(INPUT RECORDS):
───

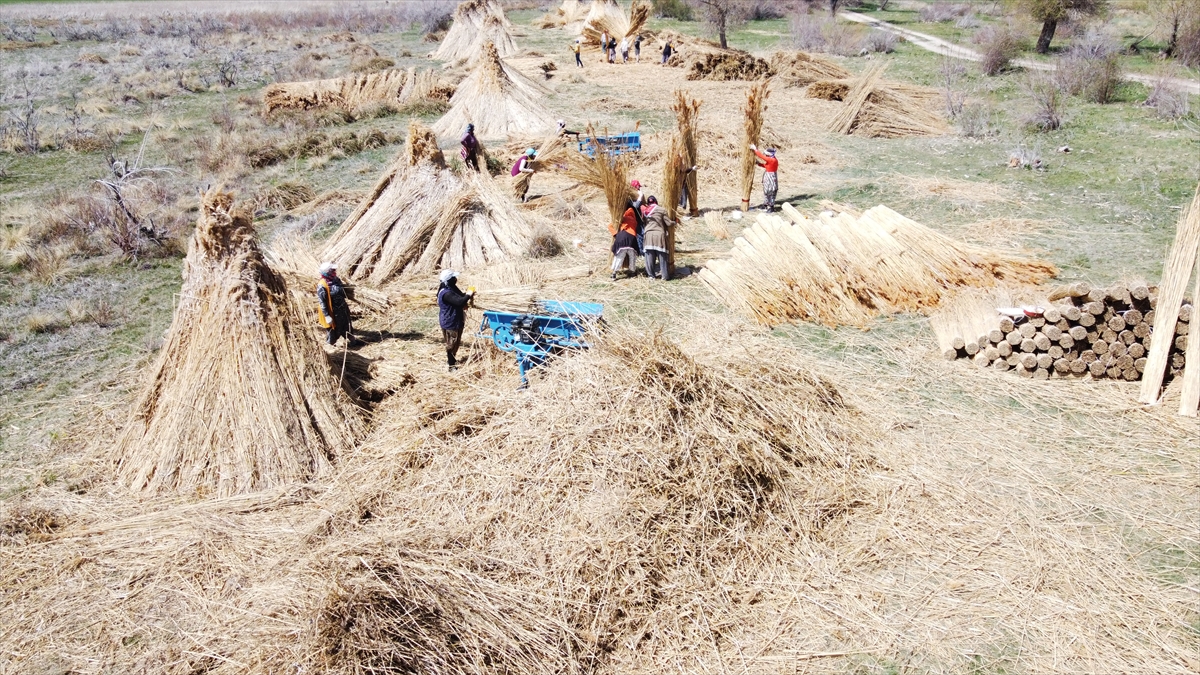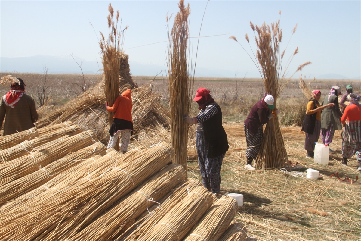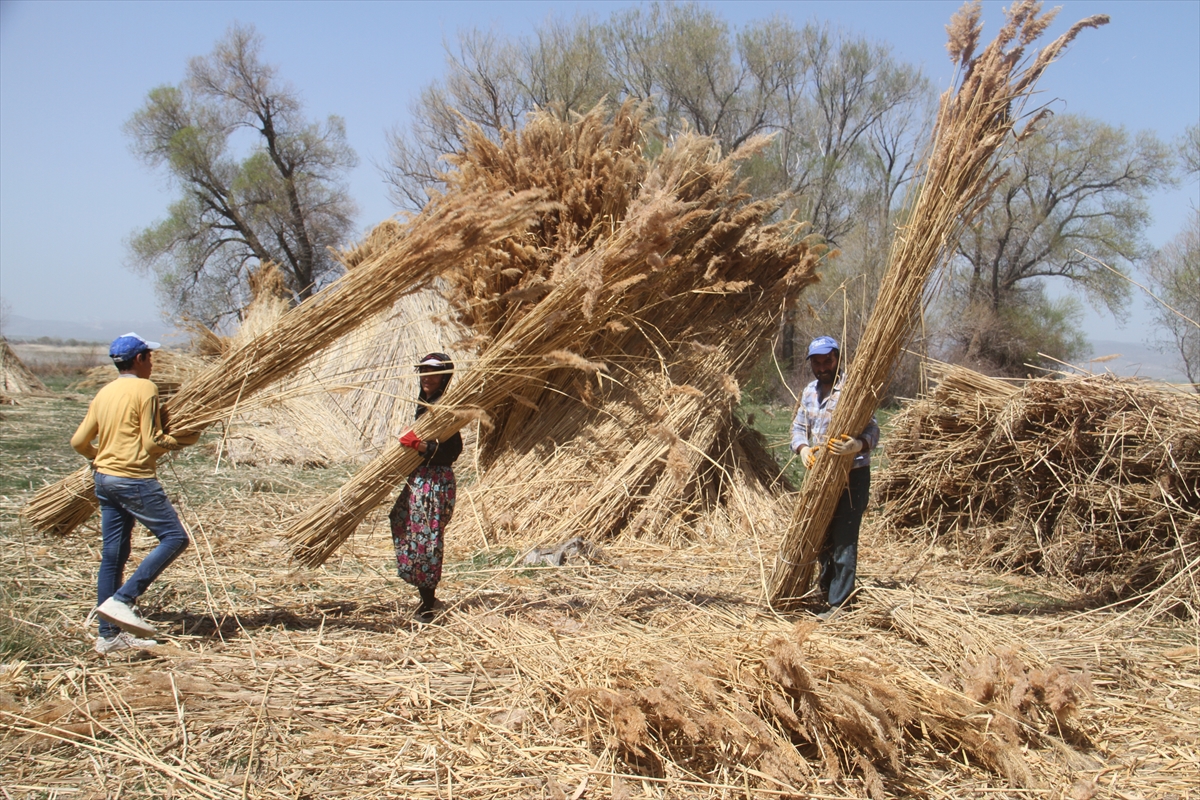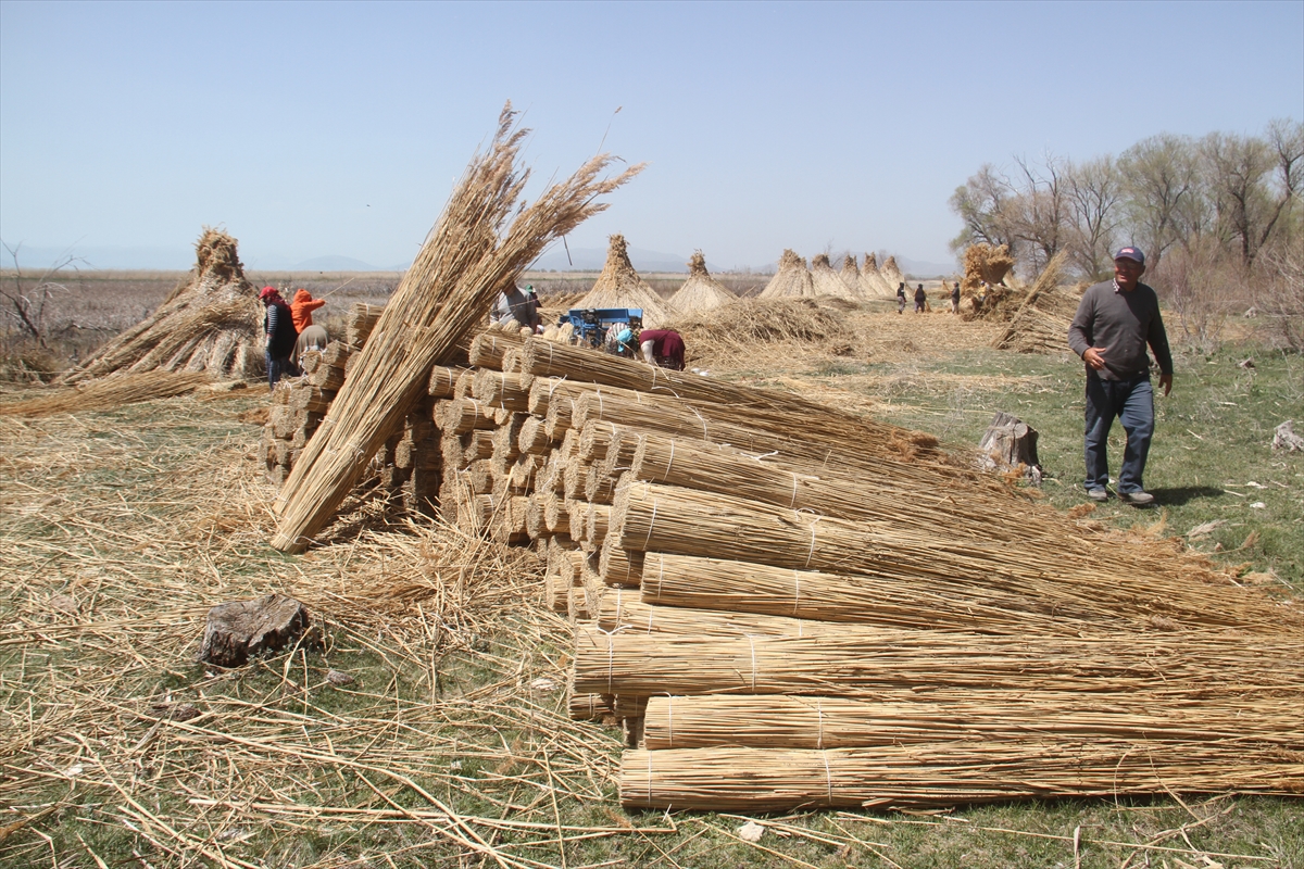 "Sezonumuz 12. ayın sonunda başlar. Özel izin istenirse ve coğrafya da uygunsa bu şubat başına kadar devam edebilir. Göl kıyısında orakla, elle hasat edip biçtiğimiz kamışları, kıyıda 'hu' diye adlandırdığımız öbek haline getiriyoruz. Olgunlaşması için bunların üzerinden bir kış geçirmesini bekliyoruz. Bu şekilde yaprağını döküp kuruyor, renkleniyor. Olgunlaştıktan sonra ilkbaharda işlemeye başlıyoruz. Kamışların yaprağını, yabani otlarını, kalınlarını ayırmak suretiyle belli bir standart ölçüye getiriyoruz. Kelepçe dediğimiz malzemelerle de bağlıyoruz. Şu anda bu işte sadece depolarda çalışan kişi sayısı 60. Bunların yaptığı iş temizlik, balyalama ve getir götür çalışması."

───

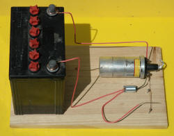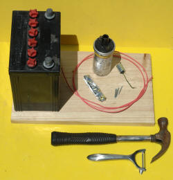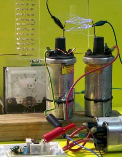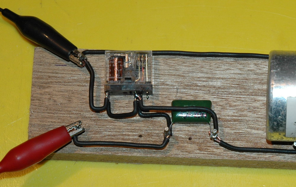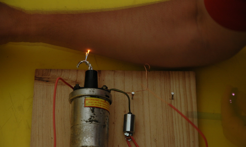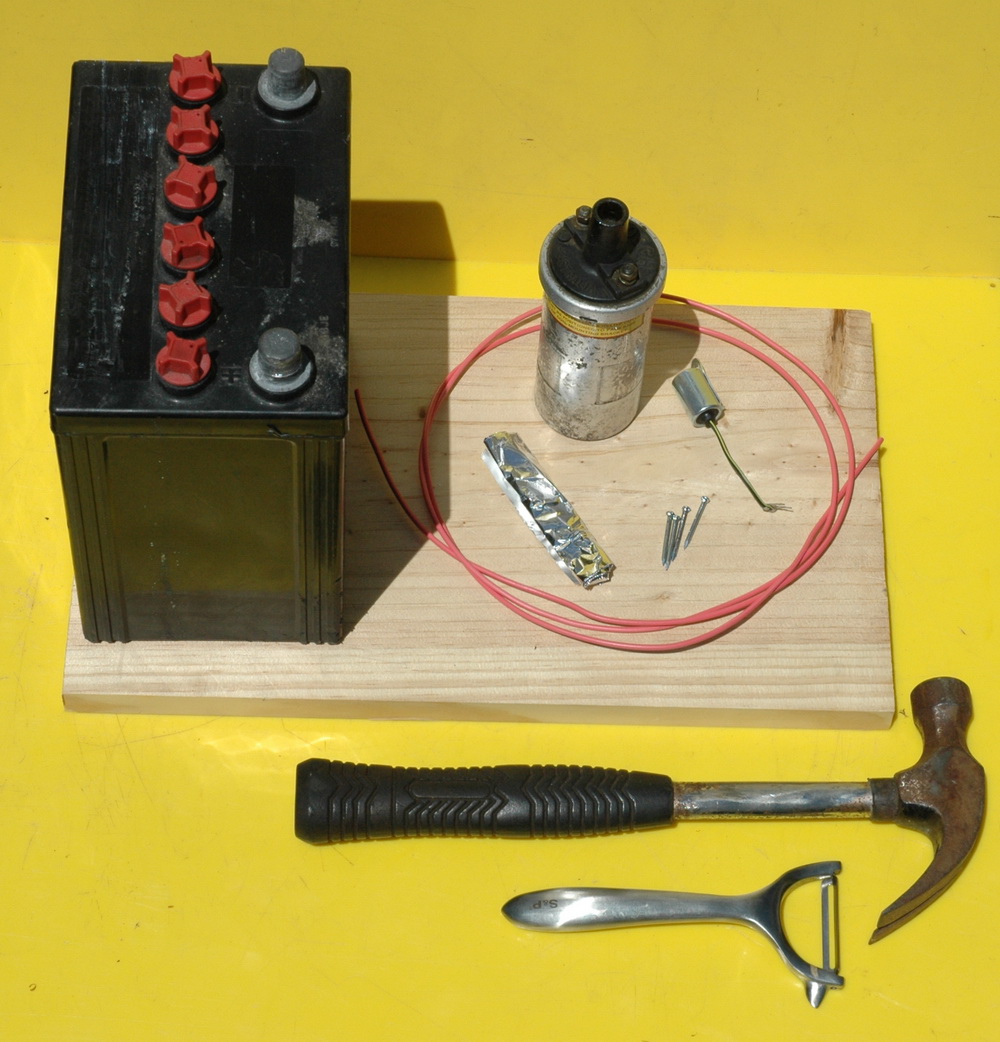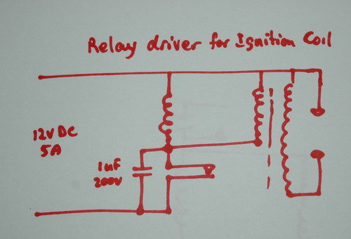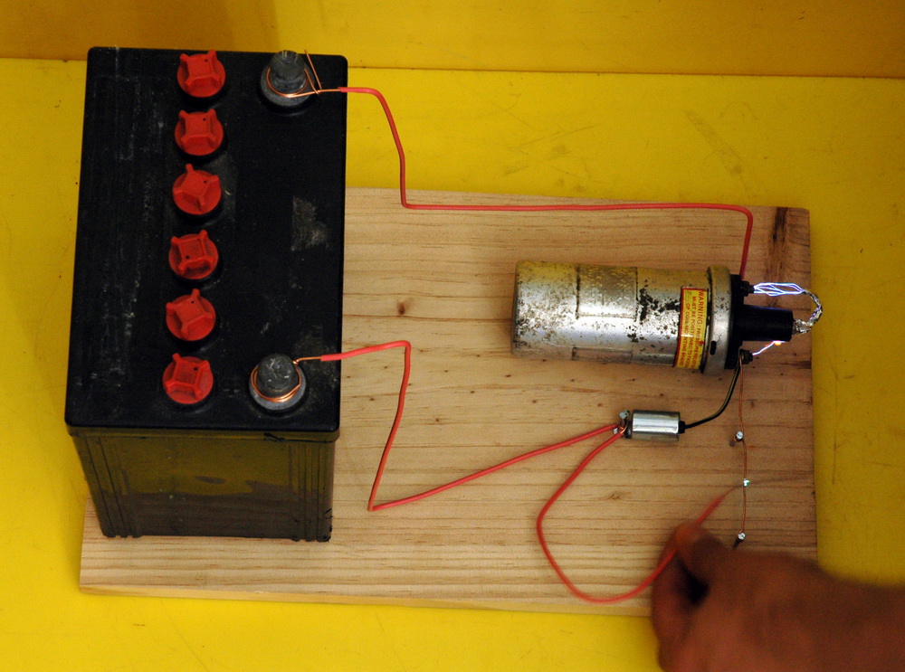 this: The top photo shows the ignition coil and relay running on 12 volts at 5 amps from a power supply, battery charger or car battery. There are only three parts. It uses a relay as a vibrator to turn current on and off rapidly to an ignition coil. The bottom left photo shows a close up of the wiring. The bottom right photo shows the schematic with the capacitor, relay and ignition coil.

───

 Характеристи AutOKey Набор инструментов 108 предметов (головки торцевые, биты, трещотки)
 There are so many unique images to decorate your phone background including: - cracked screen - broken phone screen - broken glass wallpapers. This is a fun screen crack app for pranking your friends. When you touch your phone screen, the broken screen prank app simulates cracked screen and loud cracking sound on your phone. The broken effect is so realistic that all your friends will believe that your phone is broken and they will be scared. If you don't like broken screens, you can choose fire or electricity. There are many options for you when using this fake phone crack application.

───

(WHAT THE TASK REQUIRES): Out of the data above, set down the lines from the one with "Характеристи AutOKey Набор" to the one with "There are so", both included, exactly as written and with no additions.

(REPLY TO THE EXERCISE):
 Характеристи AutOKey Набор инструментов 108 предметов (головки торцевые, биты, трещотки)
 There are so many unique images to decorate your phone background including: - cracked screen - broken phone screen - broken glass wallpapers. This is a fun screen crack app for pranking your friends. When you touch your phone screen, the broken screen prank app simulates cracked screen and loud cracking sound on your phone. The broken effect is so realistic that all your friends will believe that your phone is broken and they will be scared. If you don't like broken screens, you can choose fire or electricity. There are many options for you when using this fake phone crack application.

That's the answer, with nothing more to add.